Recently, however, there has been renewed interest in developing an index of well-being. In France, President Sarkozy commissioned two Nobel economists, Joseph Stiglitz and Amartya Sen, to examine the issues in developing such a measure. In the light of the Stiglitz/Sen report, David Cameron has asked the Office of National Statistics to measure the UK’s general well-being. The articles below look at the difficulties that could arise in producing an index of well-being, of meauring the elements and in using it for policy.
UK Prime Minister Cameron Moves on UK Happiness Index Triple Pundit, Kristina Robinson (17/11/10)
David Cameron’s happiness index finds support despite impending decade of austerity Daily Record, Magnus Gardham (16/11/10)
How can we measure happiness?
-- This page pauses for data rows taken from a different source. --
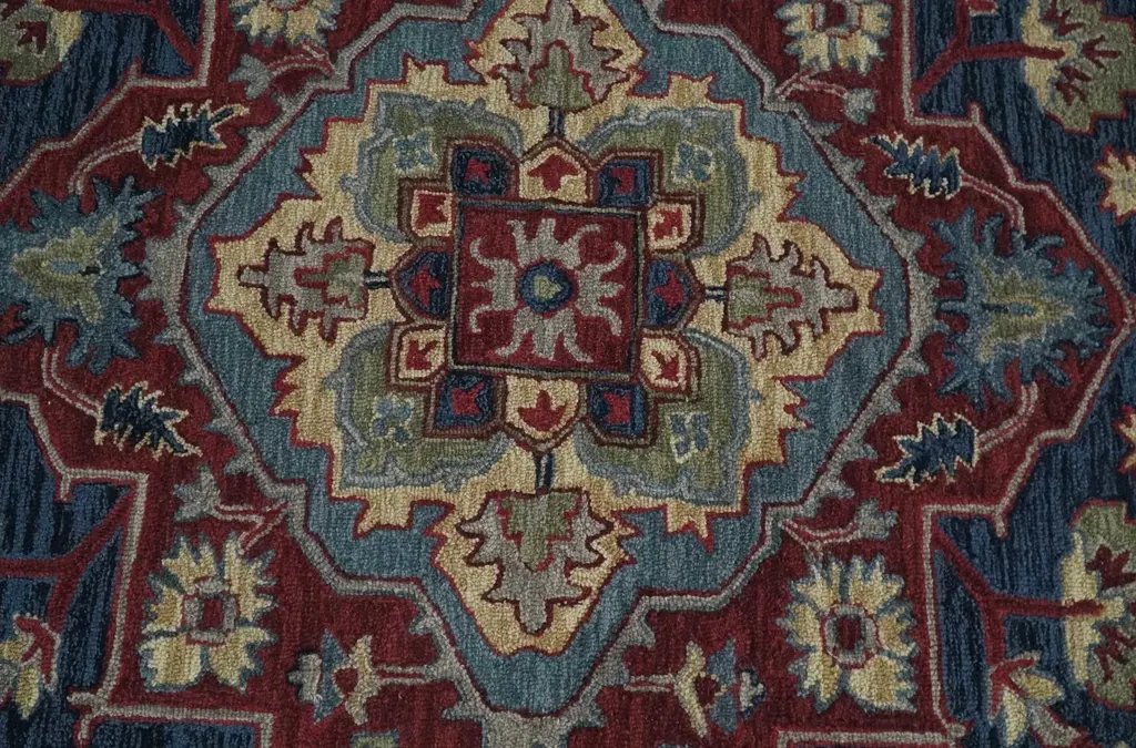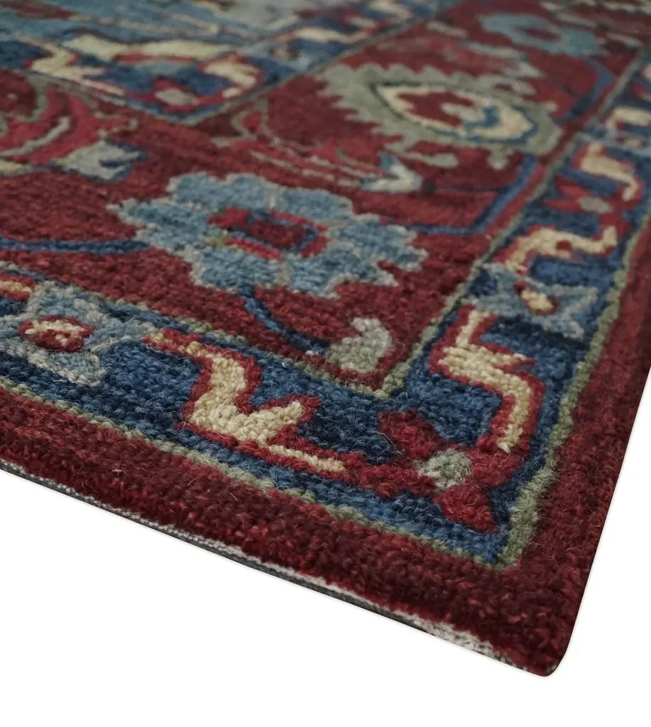 This Hand-Tufted Rug has been Made with Wool. The beautiful colors of the rug carry a legacy of the famous Heriz rug, the traditional design of the rug completes your space without making it look busy. Heriz rugs are durable and can last for decades if treated right. Hand-Tufted Rug All sizes are made to order in 30-45 Days Made with Wool Loop Pile Color: Red and Blue Heriz rugs have been made for centuries and carry a tradition and art. This specific rug is made in India, in the city of Bhadohi. Bhadohi is one of the biggest rug manufacturing cities. Carpet weaving in the region dates back to the 16th century during the reign of Akbar. The skilled artisans of Bhadohi have been carrying the tradition of rug-making for centuries. USERS GUIDE Avoid prolonged moisture Vacuum regularly and/or shake to remove dust Do not pull any loose threads. Use scissors to simply cut the ends Blot spills immediately with a white cloth. Harsh chemicals may damage or fade the rug Use rug protectors under heavy furniture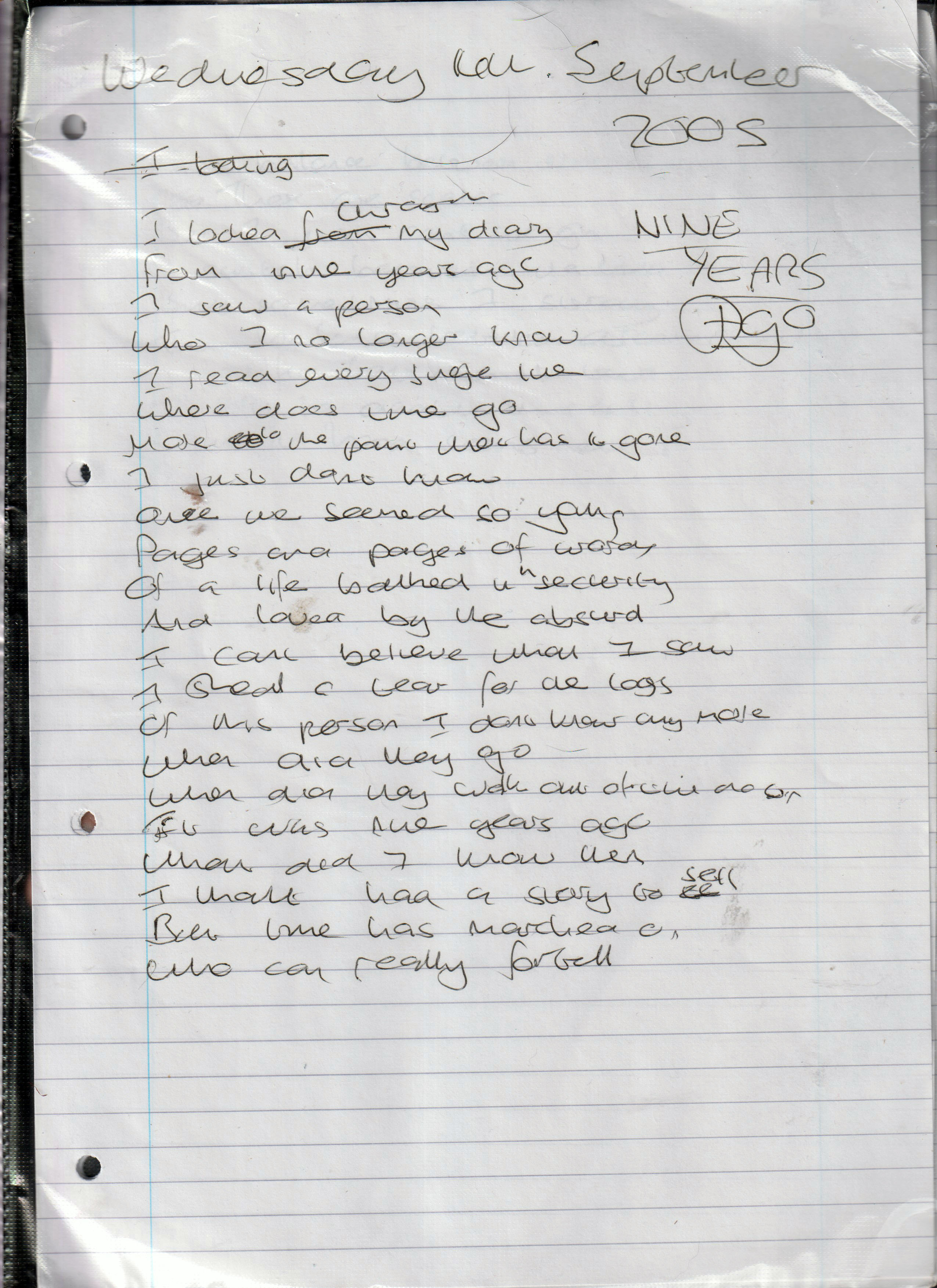 Nine Years Ago – Written Monday 14th September 2005 (Aged 30)
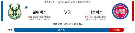 1월 4일 10:00 NBA분석 밀워키 : 디트로이트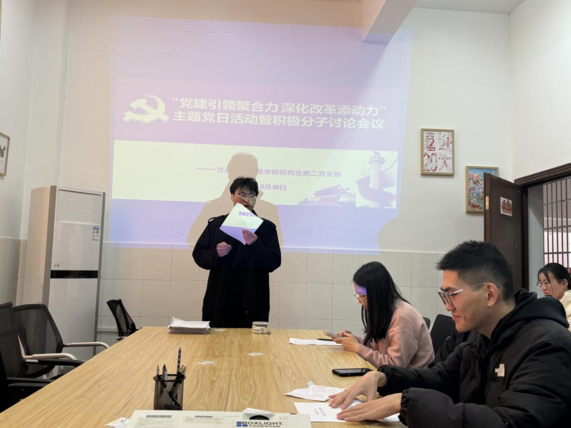 为进一步规范党员发展流程,扎实做好党员培养教育工作,切实提升党组织凝聚力与战斗力,近日,MG冰球突破官网交通学院研究生第二党支部于学院会议室召开入党积极分子讨论大会。支部全体党员、入党积极分子齐聚一堂,会议在庄重而热烈的氛围中拉开帷幕,由党支部书记肖梦泽主持。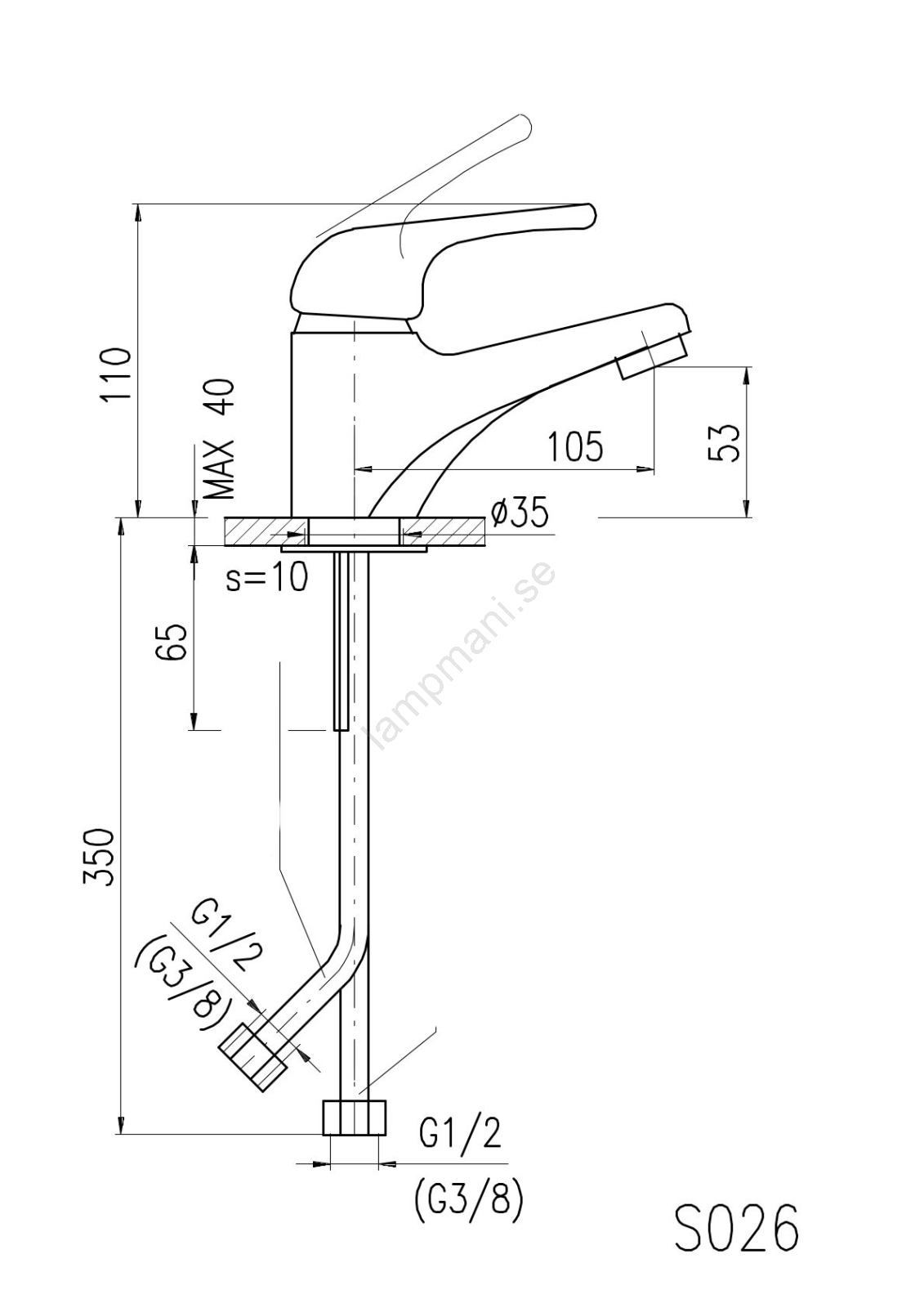 • Tvättställsblandare för montering på tvättställ, utan bottenventil.

Telegraph, Philip Johnston (16/11/10)
David Cameron aims to make happiness the new GDP Guardian, Allegra Stratton (14/11/10)
An unhappiness index is more David Cameron’s style Guardian, Polly Toynbee (16/11/10)
Happiness is a warm baguette? The Economist (13/1/08)
‘Stiglitz-Sen Moving in the Right Direction, but Slowly’ IPS, Hazel Henderson (18/9/09)
The Rise and Fall of the G.D.P. New York Times Magazine (13/5/10)
Happiness doesn’t increase with growing wealth of nations, finds study Guardian, Alok Jha (13/12/10)
Should governments pursue happiness rather than economic growth? The Economist (25/11/10)
M&S’s Sir Stuart Rose among UK’s expert happiness panel BBC News (27/1/11)
The Stiglitz/Sen/Fitoussi report
Report by the Commission on the Measurement of Economic Performance and Social Progress, Joseph Stiglitz, Amartya Sen, Jean-Paul Fitoussi (September 2009)
- What are the shortcomings of using GDP as a measure of a nation’s well-being?
- Summarise the main findings of the Stiglitz/Sen/Fetoussi report.
- What items would be included in a happiness or well-being index that (a) are not included in GDP; (b) not included in Stiglitz and Sen’s proposed net national product measure? How would such an index be compiled?
- Would it be satisfactory to compile such an index purely on the basis of survey evidence? Why might such evidence prove unreliable?
- What are the political advantages and disadvantages of using such an index?
- Is utilitarianism the best basis for judging the progress of society?